Первое время парню забавно было смотреть на свое отражение, но потом надоело, и он стал внимательно следить за медленно плывшим от берега комком размокшей оберточной бумаги.
Бумагу несло на нефтяное пятно, колыхавшееся около лодки. Вот комок разорвал тонкую радужную пленку, вот он наткнулся на торчавшую из воды палку.
Лежать парню было неудобно, спину и шею припекало полуденное солнце. Истомленный зноем, он встал, потянулся с хрустом в суставах и сонно посмотрел на берег.
На берегу было оживленно. Подъезжали один за другим грузовики. Рабочие быстро снимали с машин мешки с зерном и складывали их под деревянный навес. Невдалеке стояла самоходная баржа. Два крана не спеша переносили на берег громоздкие ящики.
На пароме ржали лошади, играла гармошка, громко переговаривались пассажиры. У самой воды на бревнах девушки в синих гимнастерках дружно пели что-то веселое и задорное. Приставали и отплывали лодки, отрывисто и пронзительно свистели юркие буксиры.
— У тебя, сынок, ножичка не найдется? — обратился к парню сутулый плечистый старик в белой войлочной шляпе.

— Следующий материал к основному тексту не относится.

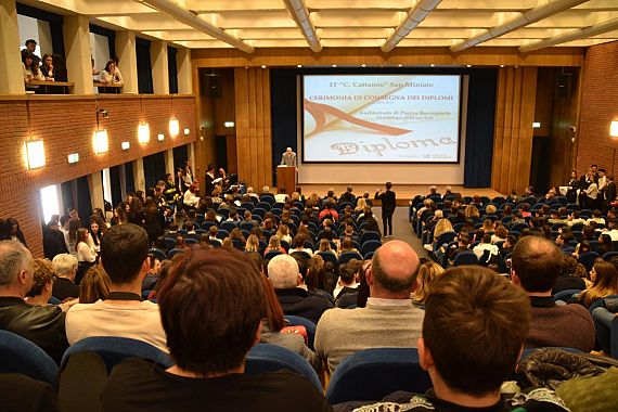 SAN MINIATO — All'istituto tecnico “Carlo Cattaneo” è considerata la cerimonia più sentita di tutto l'anno: stiamo parlando della “Festa dei diplomi” che si è tenuta stamani, sabato 22 febbraio, nell'auditorium del Crèdit Agricole di San Miniato.

Он сидел в лодке с густо просмоленными бортами, уткнувшейся носом в глинистую отмель. На коленях у него была разостлана чистая холстина, на которой лежали краюха хлеба, вареные картофелины и крупные пожелтевшие огурцы.
Парень достал из кармана самодельный нож с некрашеной ручкой и протянул его старику.
— Издалека будете? — полюбопытствовал тот, отрезая от краюхи ломоть.
— Мы ветлужские, — неохотно ответил парень, полоща в воде снятое с головы полотенце.
— Не из близких мест, — старик прищурил светлые с хитринкой глаза, все еще смотревшие на мир с неустающим вниманием. — С плотом?
— С плотом.
— То-то. Я сразу угадал. Как на лодку посмотрел, так и подумал: плотовская лодка. А я вот с той стороны. Из Брусян. Может, слышал? Брусянский колхоз до войны на выставке в Москве золотую медаль получил. И в войну не из последних был. Война, милый, души человеческой коснулась. Иной до войны неприметным человеком был, а сейчас посмотришь — герой! Вот сын у меня — Золотая Звезда и Ленин на груди! А кто раньше мог подумать, что Яков Миронов героем народным окажется? — старик улыбнулся, и крепкие зубы его сверкнули удивительной белизной. — Благодарствую за ножичек. Может, откушаешь со мной?
— Не хочу, спасибо, — парень пристально посмотрел в нестарое лицо словоохотливого деда и тоже улыбнулся. — Рады, должно быть, за сына?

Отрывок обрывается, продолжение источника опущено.